##### INFORMATION PROVIDED #####

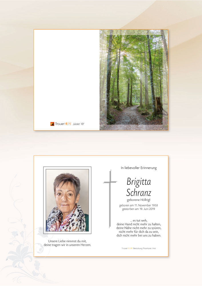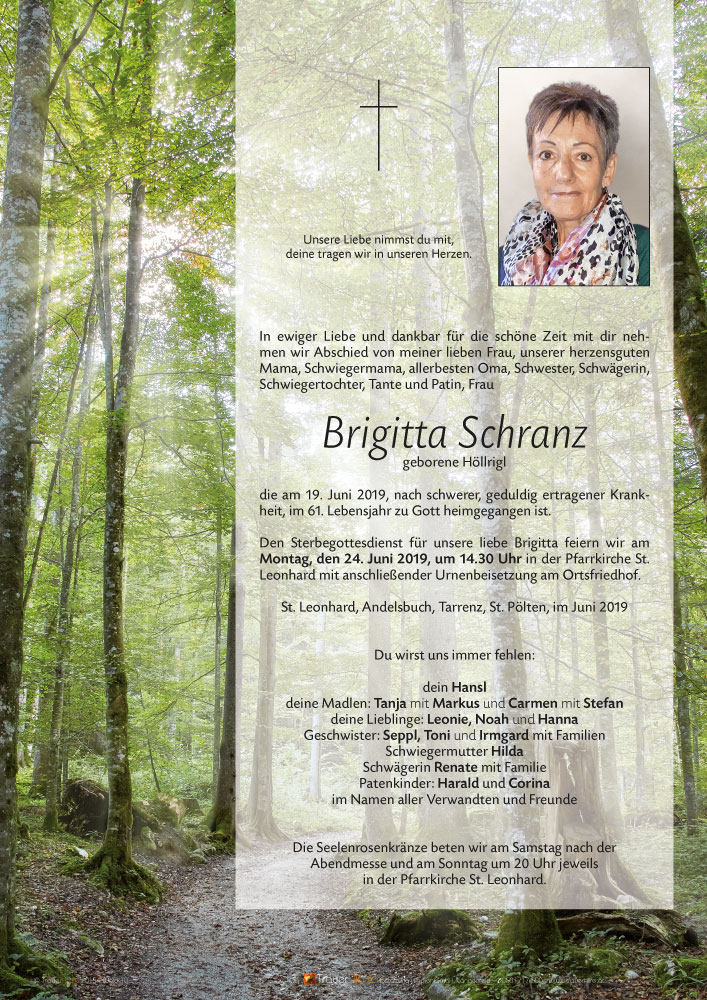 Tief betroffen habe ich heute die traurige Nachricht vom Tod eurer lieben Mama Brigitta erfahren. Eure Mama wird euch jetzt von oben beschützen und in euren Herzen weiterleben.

#####
##### INFORMATION PROVIDED #####

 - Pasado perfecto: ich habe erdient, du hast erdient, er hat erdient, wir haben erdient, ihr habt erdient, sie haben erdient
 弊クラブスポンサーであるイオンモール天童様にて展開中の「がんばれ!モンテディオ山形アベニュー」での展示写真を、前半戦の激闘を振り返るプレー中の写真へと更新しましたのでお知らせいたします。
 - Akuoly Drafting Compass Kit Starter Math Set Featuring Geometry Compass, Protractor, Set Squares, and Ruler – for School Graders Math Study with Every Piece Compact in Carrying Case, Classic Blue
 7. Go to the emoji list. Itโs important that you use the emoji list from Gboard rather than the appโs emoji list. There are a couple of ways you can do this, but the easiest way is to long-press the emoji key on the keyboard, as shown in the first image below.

#####

Reproduce word for word the material above, starting with the line that has "- Akuoly Drafting" and stopping after the line that has "7. Go to the".

 - Akuoly Drafting Compass Kit Starter Math Set Featuring Geometry Compass, Protractor, Set Squares, and Ruler – for School Graders Math Study with Every Piece Compact in Carrying Case, Classic Blue
 7. Go to the emoji list. Itโs important that you use the emoji list from Gboard rather than the appโs emoji list. There are a couple of ways you can do this, but the easiest way is to long-press the emoji key on the keyboard, as shown in the first image below.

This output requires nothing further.